* [About this exercise] Reproduce, exactly and in full, only the lines below from the one containing "Als Helmar in" through the one containing "Made from layers".

::: Data under study

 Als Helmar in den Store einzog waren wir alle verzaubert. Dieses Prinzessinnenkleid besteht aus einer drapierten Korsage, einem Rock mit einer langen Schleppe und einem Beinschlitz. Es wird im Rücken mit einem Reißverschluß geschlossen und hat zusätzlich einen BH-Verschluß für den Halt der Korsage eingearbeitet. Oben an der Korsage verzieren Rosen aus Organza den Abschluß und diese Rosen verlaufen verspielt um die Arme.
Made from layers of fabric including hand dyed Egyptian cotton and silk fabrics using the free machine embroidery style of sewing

::::::
::: Data under study

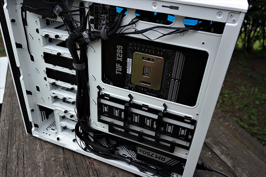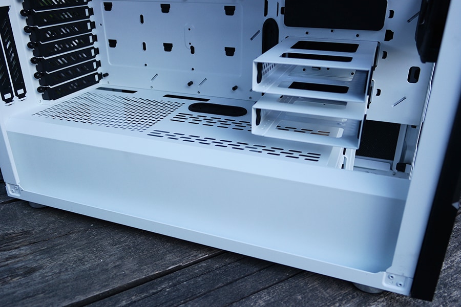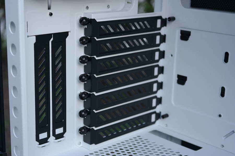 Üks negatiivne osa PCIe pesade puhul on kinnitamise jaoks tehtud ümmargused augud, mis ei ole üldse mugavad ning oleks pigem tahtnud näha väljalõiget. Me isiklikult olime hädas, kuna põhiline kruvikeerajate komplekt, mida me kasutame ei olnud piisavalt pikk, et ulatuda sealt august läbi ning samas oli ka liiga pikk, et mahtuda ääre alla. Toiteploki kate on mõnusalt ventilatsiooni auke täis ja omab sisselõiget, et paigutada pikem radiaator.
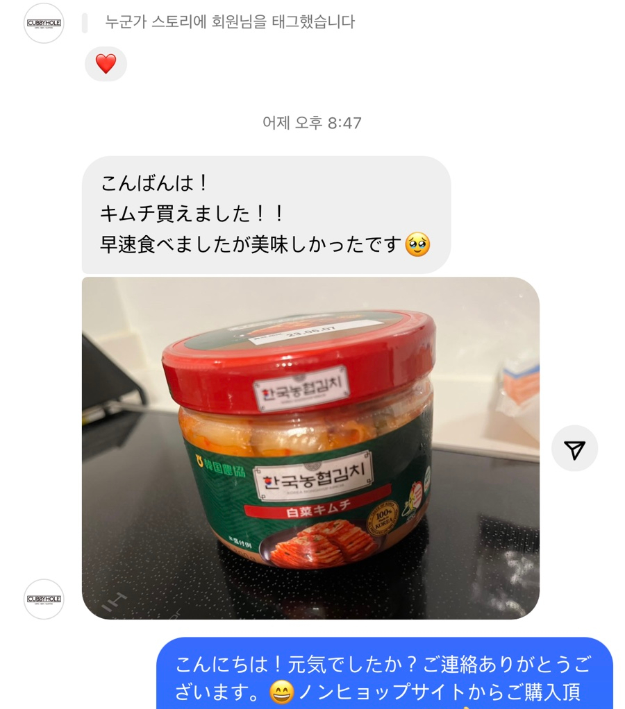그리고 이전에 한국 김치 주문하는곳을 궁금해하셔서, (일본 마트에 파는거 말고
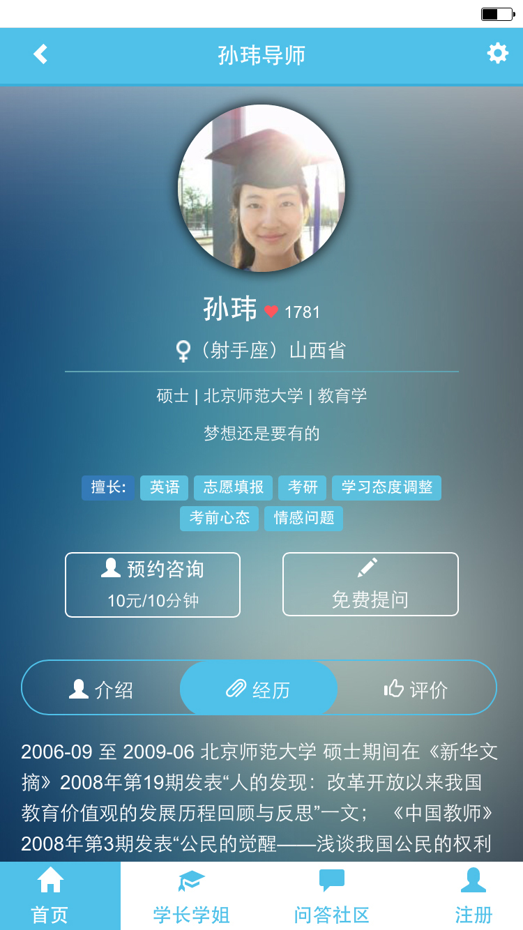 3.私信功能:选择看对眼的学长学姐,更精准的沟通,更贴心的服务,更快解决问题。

::::::

* [Response box]
 Als Helmar in den Store einzog waren wir alle verzaubert. Dieses Prinzessinnenkleid besteht aus einer drapierten Korsage, einem Rock mit einer langen Schleppe und einem Beinschlitz. Es wird im Rücken mit einem Reißverschluß geschlossen und hat zusätzlich einen BH-Verschluß für den Halt der Korsage eingearbeitet. Oben an der Korsage verzieren Rosen aus Organza den Abschluß und diese Rosen verlaufen verspielt um die Arme.
Made from layers of fabric including hand dyed Egyptian cotton and silk fabrics using the free machine embroidery style of sewing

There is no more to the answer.